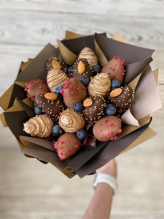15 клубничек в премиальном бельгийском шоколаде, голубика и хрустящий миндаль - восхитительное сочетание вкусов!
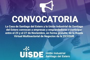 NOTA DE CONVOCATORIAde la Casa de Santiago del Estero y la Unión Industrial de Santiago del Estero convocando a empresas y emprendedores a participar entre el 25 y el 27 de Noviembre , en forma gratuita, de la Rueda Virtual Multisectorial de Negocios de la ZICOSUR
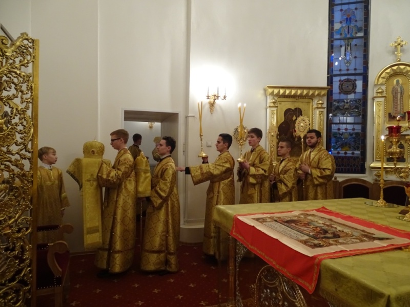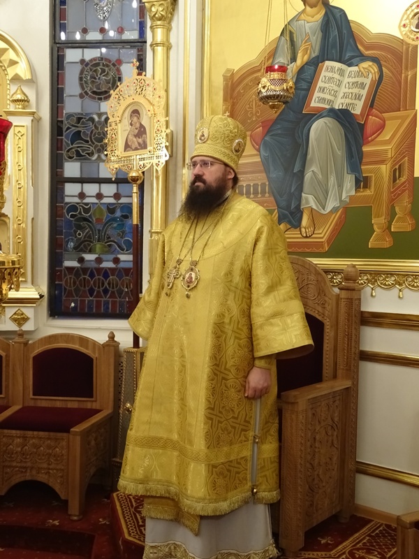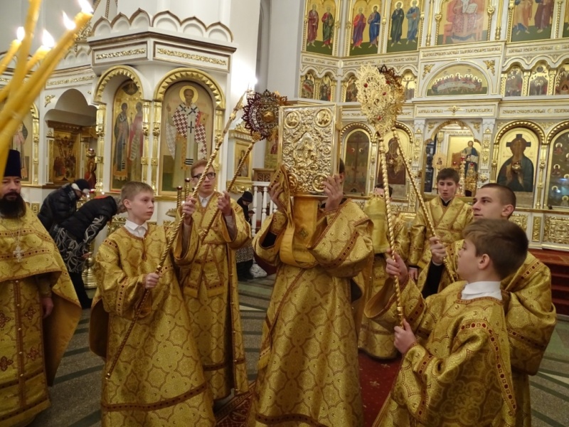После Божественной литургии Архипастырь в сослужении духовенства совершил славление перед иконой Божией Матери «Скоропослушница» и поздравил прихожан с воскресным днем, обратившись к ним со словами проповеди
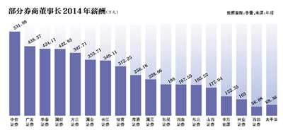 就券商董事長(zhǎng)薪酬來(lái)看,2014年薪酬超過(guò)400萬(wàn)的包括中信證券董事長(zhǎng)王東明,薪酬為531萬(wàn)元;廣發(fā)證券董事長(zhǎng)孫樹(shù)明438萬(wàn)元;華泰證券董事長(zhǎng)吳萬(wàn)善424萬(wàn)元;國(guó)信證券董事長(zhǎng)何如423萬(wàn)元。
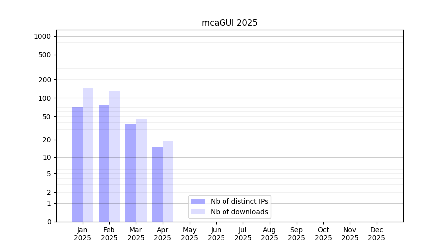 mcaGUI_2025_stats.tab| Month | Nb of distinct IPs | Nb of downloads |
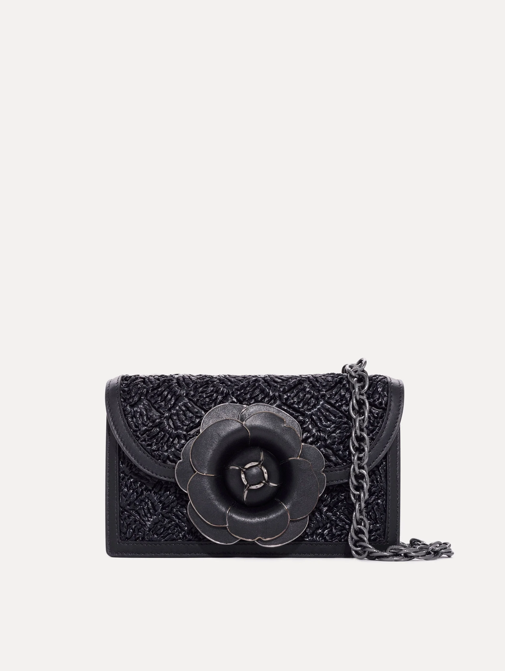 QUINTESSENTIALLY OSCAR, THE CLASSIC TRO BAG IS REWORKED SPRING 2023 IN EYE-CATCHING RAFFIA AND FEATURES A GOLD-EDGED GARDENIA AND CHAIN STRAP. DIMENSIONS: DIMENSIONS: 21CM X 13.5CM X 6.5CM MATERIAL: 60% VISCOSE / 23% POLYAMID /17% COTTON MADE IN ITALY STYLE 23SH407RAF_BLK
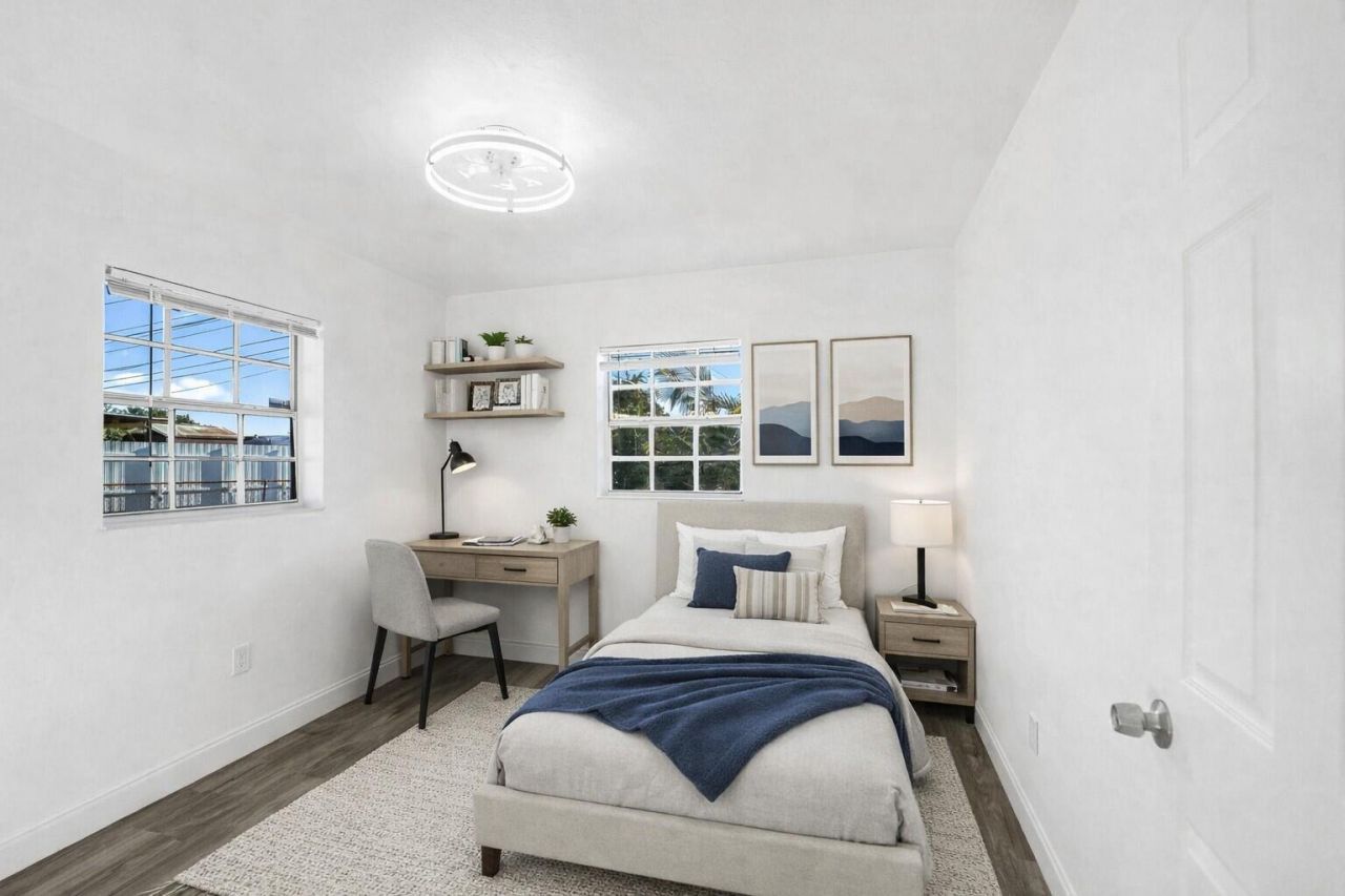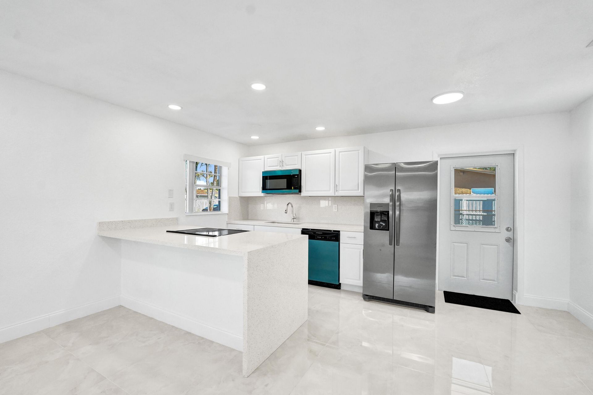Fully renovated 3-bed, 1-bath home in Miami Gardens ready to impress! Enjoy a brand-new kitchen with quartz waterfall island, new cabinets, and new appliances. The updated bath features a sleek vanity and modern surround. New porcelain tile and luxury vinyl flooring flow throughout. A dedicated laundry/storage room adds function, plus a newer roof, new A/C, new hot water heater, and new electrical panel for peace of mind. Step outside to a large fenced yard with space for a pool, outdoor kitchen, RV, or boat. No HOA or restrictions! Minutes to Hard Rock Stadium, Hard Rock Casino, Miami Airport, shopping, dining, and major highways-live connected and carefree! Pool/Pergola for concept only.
---
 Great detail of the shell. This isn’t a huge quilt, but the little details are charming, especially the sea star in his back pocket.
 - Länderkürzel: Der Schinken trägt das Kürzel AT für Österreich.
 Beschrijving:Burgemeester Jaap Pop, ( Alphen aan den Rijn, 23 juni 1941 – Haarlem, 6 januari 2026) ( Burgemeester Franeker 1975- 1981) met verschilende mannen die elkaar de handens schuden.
...
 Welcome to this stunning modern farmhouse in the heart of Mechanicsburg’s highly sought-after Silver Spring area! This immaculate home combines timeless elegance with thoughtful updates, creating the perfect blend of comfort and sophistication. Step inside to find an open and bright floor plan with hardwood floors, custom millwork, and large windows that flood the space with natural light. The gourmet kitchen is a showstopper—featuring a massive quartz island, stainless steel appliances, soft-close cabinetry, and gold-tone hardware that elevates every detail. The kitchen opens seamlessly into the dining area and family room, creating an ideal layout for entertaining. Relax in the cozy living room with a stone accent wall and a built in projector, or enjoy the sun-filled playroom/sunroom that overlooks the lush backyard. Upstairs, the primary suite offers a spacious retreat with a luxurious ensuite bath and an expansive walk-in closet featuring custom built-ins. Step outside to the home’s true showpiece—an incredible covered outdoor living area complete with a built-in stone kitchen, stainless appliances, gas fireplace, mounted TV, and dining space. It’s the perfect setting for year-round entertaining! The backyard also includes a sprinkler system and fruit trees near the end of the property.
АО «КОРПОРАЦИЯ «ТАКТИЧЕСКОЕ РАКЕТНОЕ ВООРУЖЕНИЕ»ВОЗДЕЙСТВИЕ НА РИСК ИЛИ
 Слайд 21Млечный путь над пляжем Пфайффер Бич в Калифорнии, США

_YOUR INSTRUCTIONS:_
In the listing above, find the line with "15 клубничек в" and output every line through the one with "NOTA DE CONVOCATORIAde", exactly, without the pictures.

_RESPONSE:_
15 клубничек в премиальном бельгийском шоколаде, голубика и хрустящий миндаль - восхитительное сочетание вкусов!
 NOTA DE CONVOCATORIAde la Casa de Santiago del Estero y la Unión Industrial de Santiago del Estero convocando a empresas y emprendedores a participar entre el 25 y el 27 de Noviembre , en forma gratuita, de la Rueda Virtual Multisectorial de Negocios de la ZICOSUR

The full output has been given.